Rahim Entezari and Hanie Sedghi (senior scientist at Google Brain) will present research pursued with Behnam Neyshabur, Hanie Sedghi and Olga Saukh at the EPFL Virtual Symposium “Loss Landscape of Neural Networks: theoretical insights and practical implications,” which takes place Feb 15–16, 2022.
In this work, we conjecture that if the permutation invariance of neural networks is taken into account, SGD solutions will likely have no barrier in the linear interpolation between them. Although it is a bold conjecture, we show how extensive empirical attempts fall short of refuting it.
We further provide a preliminary theoretical result to support our conjecture. Our conjecture has implications for the lottery ticket hypothesis, distributed training, and ensemble methods.
About the Symposium:
In practical applications, Deep Neural Networks are typically trained by walking down the loss surface using gradient descent augmented with a bag of tricks. One of the important practical insights has been that large, overparameterized, networks that have more parameters than necessary work better – one potential interpretation (but not the only one) is the ‘lottery ticket hypothesis’. Obviously, the shape of the loss landscape is important when walking down. In recent years, research on the shape of the loss landscape has addressed questions such as: “Is there one big global minimum or many scattered small ones?”, “Is the loss landscape rough or smooth?”, “Should we worry about saddle points?”, “Are there flat regions in the loss?”, “How many saddle points are there?”.

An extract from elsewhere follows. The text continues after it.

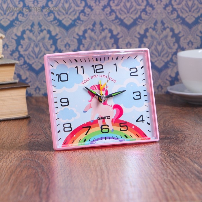 Часы настольные будильник детский "Единорог", 12.5 х 10.5 см

While these look like questions for theoreticians, their answers might have practical consequences and lead to a better understanding of the role of overparameterization, pruning, and reasons of the bag of tricks. The aim of this workshop is to bring together researchers that have worked on these topics from different points of views and different backgrounds (Computer Science, Math, Physics, Computational Neuroscience), and build a community around these questions.